Prompt: Set out exactly every line of the entries below, starting at the line that holds "My Career Notes" and stopping after the line that holds "代表團隨后看望了在弘前大學學".

Records supplied:

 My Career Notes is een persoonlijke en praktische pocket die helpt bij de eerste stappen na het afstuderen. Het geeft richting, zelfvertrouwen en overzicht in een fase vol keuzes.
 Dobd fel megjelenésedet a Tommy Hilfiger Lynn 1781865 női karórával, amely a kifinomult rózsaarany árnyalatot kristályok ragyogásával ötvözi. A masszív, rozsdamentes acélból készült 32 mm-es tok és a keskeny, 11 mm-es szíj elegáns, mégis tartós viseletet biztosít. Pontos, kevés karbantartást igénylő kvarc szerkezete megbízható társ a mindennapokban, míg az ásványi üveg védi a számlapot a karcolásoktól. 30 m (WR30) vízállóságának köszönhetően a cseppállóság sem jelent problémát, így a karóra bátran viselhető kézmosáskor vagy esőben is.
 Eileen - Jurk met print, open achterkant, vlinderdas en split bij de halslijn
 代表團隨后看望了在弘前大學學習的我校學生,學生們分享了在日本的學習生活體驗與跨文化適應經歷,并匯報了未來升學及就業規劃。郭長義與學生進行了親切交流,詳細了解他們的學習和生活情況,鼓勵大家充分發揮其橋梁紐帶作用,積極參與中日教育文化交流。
---
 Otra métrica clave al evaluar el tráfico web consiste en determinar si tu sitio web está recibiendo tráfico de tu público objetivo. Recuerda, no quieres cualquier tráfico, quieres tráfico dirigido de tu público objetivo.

Result for this exercise:
 My Career Notes is een persoonlijke en praktische pocket die helpt bij de eerste stappen na het afstuderen. Het geeft richting, zelfvertrouwen en overzicht in een fase vol keuzes.
 Dobd fel megjelenésedet a Tommy Hilfiger Lynn 1781865 női karórával, amely a kifinomult rózsaarany árnyalatot kristályok ragyogásával ötvözi. A masszív, rozsdamentes acélból készült 32 mm-es tok és a keskeny, 11 mm-es szíj elegáns, mégis tartós viseletet biztosít. Pontos, kevés karbantartást igénylő kvarc szerkezete megbízható társ a mindennapokban, míg az ásványi üveg védi a számlapot a karcolásoktól. 30 m (WR30) vízállóságának köszönhetően a cseppállóság sem jelent problémát, így a karóra bátran viselhető kézmosáskor vagy esőben is.
 Eileen - Jurk met print, open achterkant, vlinderdas en split bij de halslijn
 代表團隨后看望了在弘前大學學習的我校學生,學生們分享了在日本的學習生活體驗與跨文化適應經歷,并匯報了未來升學及就業規劃。郭長義與學生進行了親切交流,詳細了解他們的學習和生活情況,鼓勵大家充分發揮其橋梁紐帶作用,積極參與中日教育文化交流。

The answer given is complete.